What you should do
Exactly as written, return every line of the data below apart from the pictures.
----
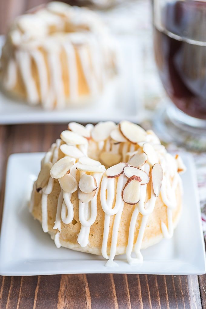 kue original dengan fla vanila diberi potongan almond putih.
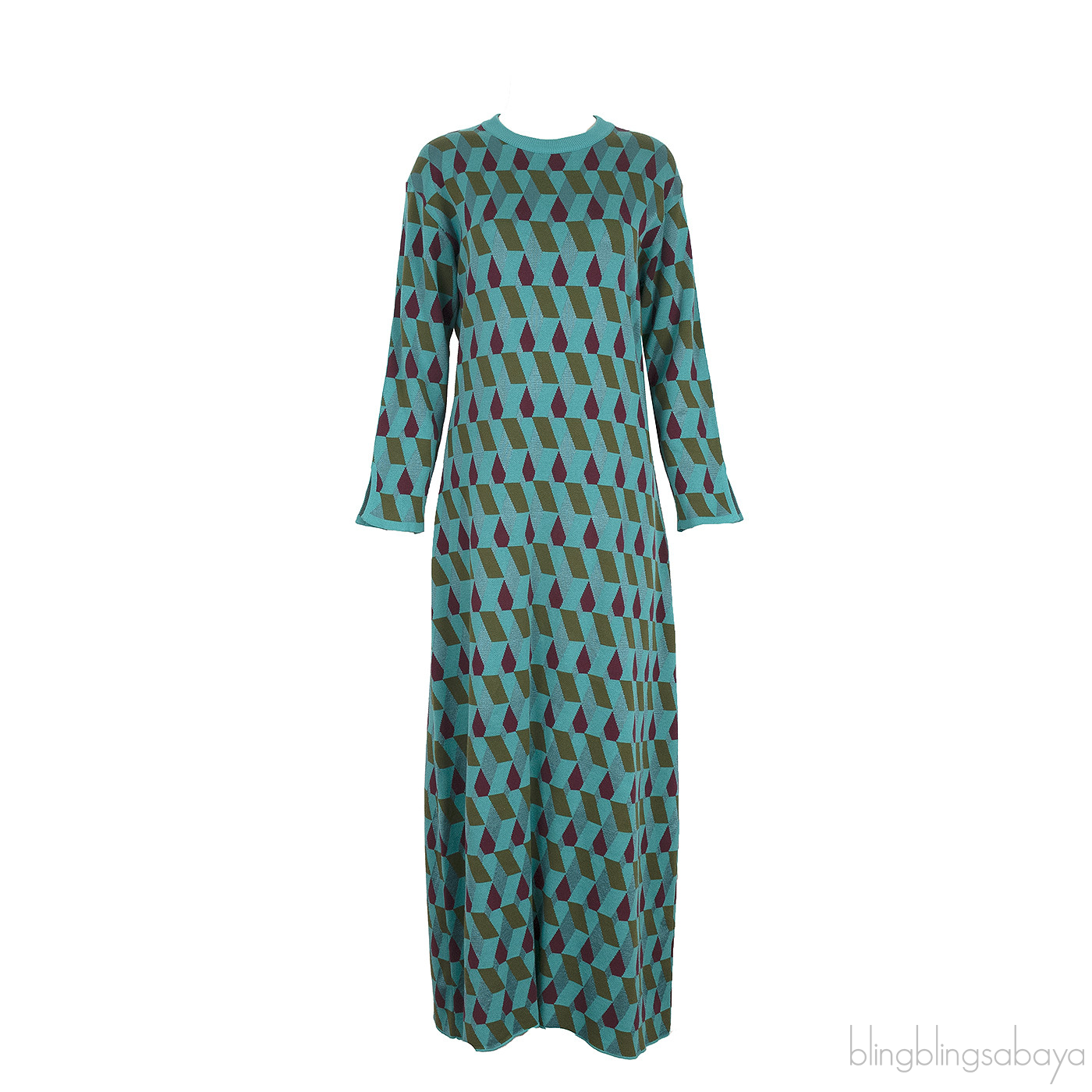 Leisure Jacquard-Knit Cotton Blend Dress from LA DOUBLEJ!The Leisure Jacquard-Knit Cotton Blend Dress from La DoubleJ is crafted from a cotton-blend jacquard knit, offering a relaxed, slightly loose fit. It features a geometric pattern, a round neckline, long sleeves, and a flattering maxi length.
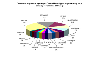 В 2006 году предприятия Санкт-Петербурга осуществляли торговлю со 180 странами (из них 10 - страны СНГ). Крупнейшие торговые партнеры Санкт-Петербурга – Германия, Китай, Нидерланды, Финляндия, США.
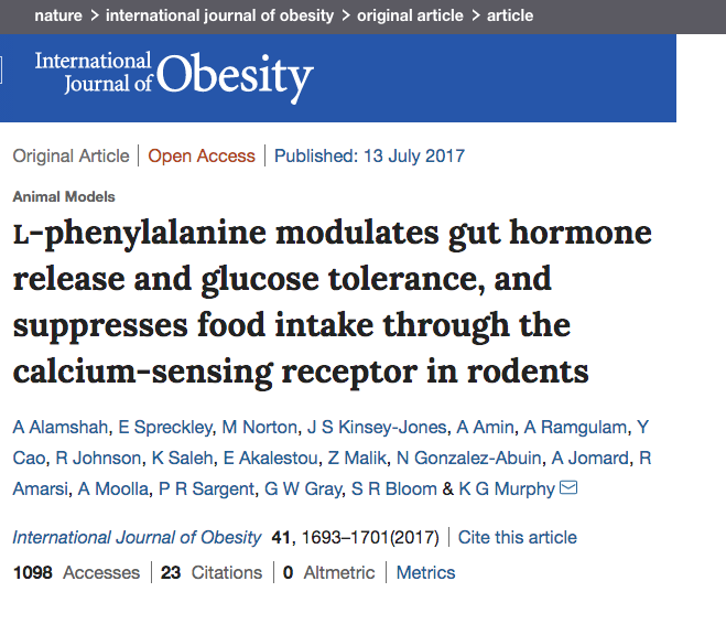 L-Phe reduced food intake, stimulated GLP-1 and PYY release, and reduced plasma ghrelin in rodents. Our data provide evidence that the anorectic effects of L-Phe are mediated via the CaSR, and suggest that L-Phe and the CaSR system in the GI tract may have therapeutic utility in the treatment of obesity and diabetes. Further work is required to determine the physiological role of the CaSR in protein sensing in the gut, and the role of this system in humans.
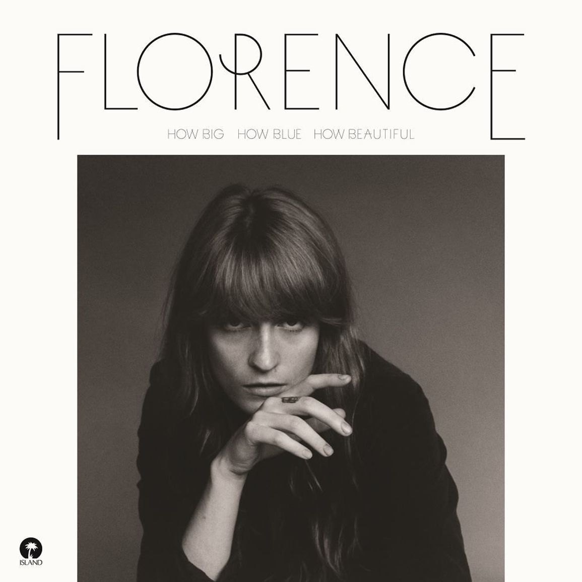 Schwarzweißporträt von Florence Welch, die mit ernstem Blick und gestütztem Kinn direkt in die Kamera schaut; minimalistisches, typografisch klares Cover mit dem Schriftzug „Florence – How Big, How Blue, How Beautiful“.
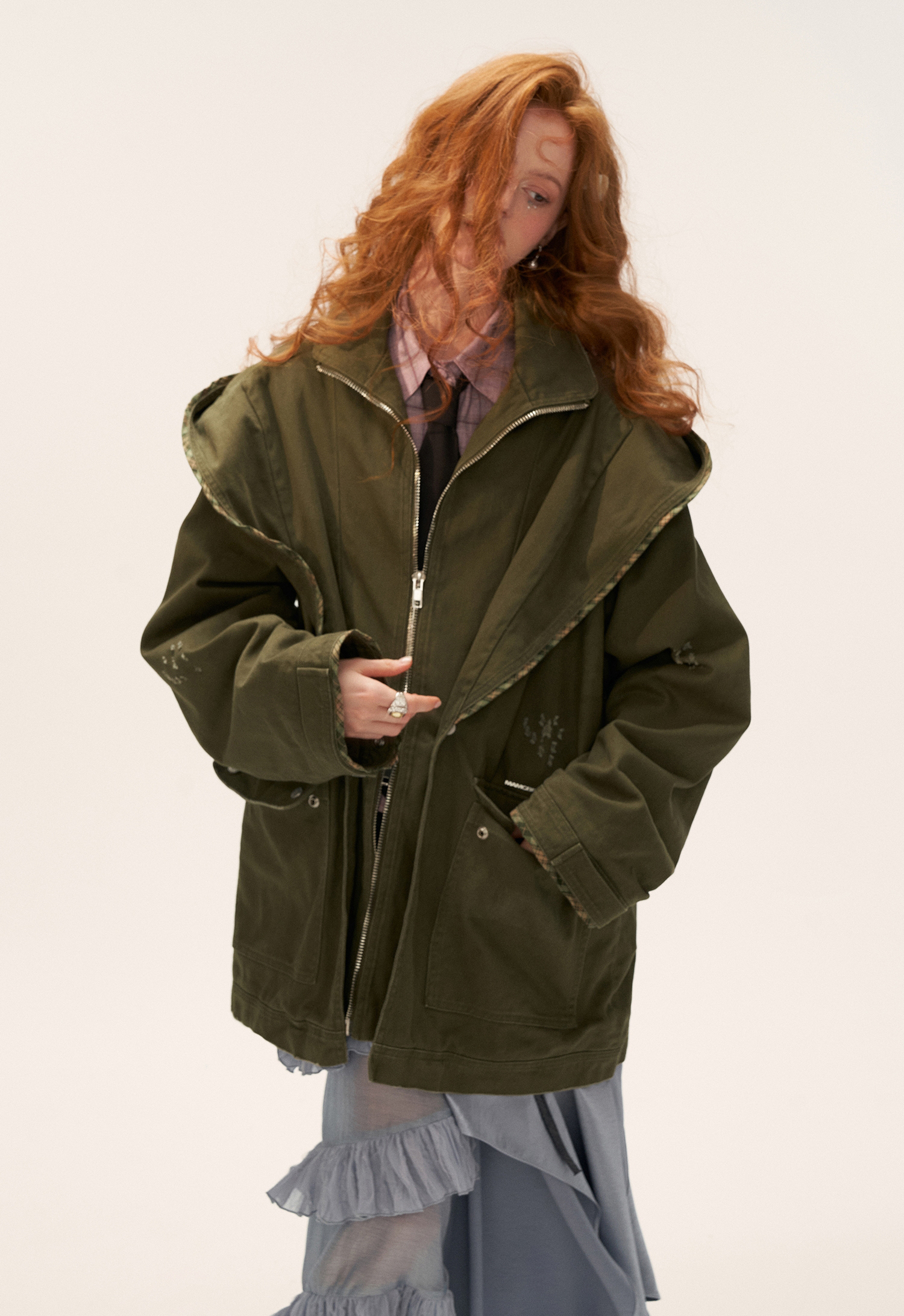 빈티지 워싱과 디스트로이드 디테일로 밀리터리 무드를 재해석한 후드 자켓입니다.
----
Exercise result
 kue original dengan fla vanila diberi potongan almond putih.
 Leisure Jacquard-Knit Cotton Blend Dress from LA DOUBLEJ!The Leisure Jacquard-Knit Cotton Blend Dress from La DoubleJ is crafted from a cotton-blend jacquard knit, offering a relaxed, slightly loose fit. It features a geometric pattern, a round neckline, long sleeves, and a flattering maxi length.
 В 2006 году предприятия Санкт-Петербурга осуществляли торговлю со 180 странами (из них 10 - страны СНГ). Крупнейшие торговые партнеры Санкт-Петербурга – Германия, Китай, Нидерланды, Финляндия, США.
 L-Phe reduced food intake, stimulated GLP-1 and PYY release, and reduced plasma ghrelin in rodents. Our data provide evidence that the anorectic effects of L-Phe are mediated via the CaSR, and suggest that L-Phe and the CaSR system in the GI tract may have therapeutic utility in the treatment of obesity and diabetes. Further work is required to determine the physiological role of the CaSR in protein sensing in the gut, and the role of this system in humans.
 Schwarzweißporträt von Florence Welch, die mit ernstem Blick und gestütztem Kinn direkt in die Kamera schaut; minimalistisches, typografisch klares Cover mit dem Schriftzug „Florence – How Big, How Blue, How Beautiful“.
 빈티지 워싱과 디스트로이드 디테일로 밀리터리 무드를 재해석한 후드 자켓입니다.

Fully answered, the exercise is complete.